Я понимал, что исключение из комсомола — смертный приговор. Вслед за этим я вылечу из педучилища впереди собственного визга. С горечью в сердце я поплелся в парикмахерскую: снявши голову, по волосам не плачут.

В маленькой парикмахерской, куда бегали стричься наши студенты, работало два мастера: красивый худощавый старик, который заканчивал брить клиента, и молодой рыжий парень с красными трахомными векам и длинным унылым носом. В халате явно не первой свежести он сидел перед зеркалом и глубокомысленно изучал прыщи на своей физиономии.

Я хотел обождать старика, к нему у меня было как-то больше доверия, но молодой вскочил и чуть ни силком усадил меня в кресло перед огромным зеркалом. Накинул простыню — судя по остаткам чужих волос, уже даже не второй свежести, а третьей или четвертой.

— Как будем стричься?

— «Полубокс», — мрачно пробормотал я.

Парикмахер поерзал у меня на затылке машинкой и азартно защелкал ножницами над ушами, грозя отчекрыжить их по самые мочки. В это время старик закончил работу, и теперь, прислонившись к стене, с любопытством поглядывал на нас.
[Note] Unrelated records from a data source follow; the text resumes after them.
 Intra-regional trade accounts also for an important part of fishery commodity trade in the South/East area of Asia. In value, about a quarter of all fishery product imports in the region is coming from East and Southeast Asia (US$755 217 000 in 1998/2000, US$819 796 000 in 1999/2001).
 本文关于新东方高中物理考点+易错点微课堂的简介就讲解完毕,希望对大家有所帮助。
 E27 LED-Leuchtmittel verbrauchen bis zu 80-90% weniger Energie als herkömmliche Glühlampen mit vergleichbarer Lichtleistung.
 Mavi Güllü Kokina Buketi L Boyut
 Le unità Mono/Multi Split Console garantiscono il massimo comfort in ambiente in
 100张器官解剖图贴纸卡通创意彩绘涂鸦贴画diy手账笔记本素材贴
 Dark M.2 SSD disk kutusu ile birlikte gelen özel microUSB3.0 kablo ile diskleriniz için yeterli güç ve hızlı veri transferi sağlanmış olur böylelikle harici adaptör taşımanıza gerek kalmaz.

Клочья моей гривы обильно падали на простыню и на пол, превращая меня из поэта в обыкновенного великовозрастного балбеса. Наконец мастер отложил ножницы и расческу, и потянулся за флаконом «Шипра» с пульверизатором.

— Освежить?

— Варт цу, Мойше, газлэн!— глядя в пространство, негромко произнес старик. — Ду гост огисэрт эм, азэй ви а сэпс. Мидаф эпес абисэлэ ибермахун. (Погоди, Мойше, хулиган этакий! Ты остриг его, как овцу. Надо что-то хоть немножко поправить.)

— Нарэшкайт, Хаим, —ответил этот сукин сын, да к тому же мой тезка, нагло улыбаясь мне из-за моей спины. — Фар дэм гой вет зайн гут азэй. (Глупости, Хаим. Для этого русачка сойдет и так.)

Я видел в зеркале его блестевшие от удовольствия глазки и чувствовал, как меня захлестывает ярость. Моя душа и без того истекала слезами, а тут еще — азэй ви а сэпс!

— Майн либер хавер Мойшэ! —заорал я, глядя в глаза его отражению. — Вос ду бист а нокс ун а нарэсэр смок (конечно же, я употребил более короткое и более сильное, но явно нецензурное словцо) мит глэйменэ гент, из онгишрибун аф дайн хазерсэ цурэ. Вэн дуст ныт ибермахун дос, вос ду гост гимахт мит майн коп, зол их ныт уфстэйн фун дэм орт, вэн ихол ныт махун а сэпс фун дир. (Мой дорогой товарищ Мойша! Что ты осел, придурок и хрен с глиняными руками, написано на твоей свиной харе. Только попробуй не переделать то, что ты сделал с моей головой, чтоб не встать мне с этого места, если я не превращу в овцу тебя).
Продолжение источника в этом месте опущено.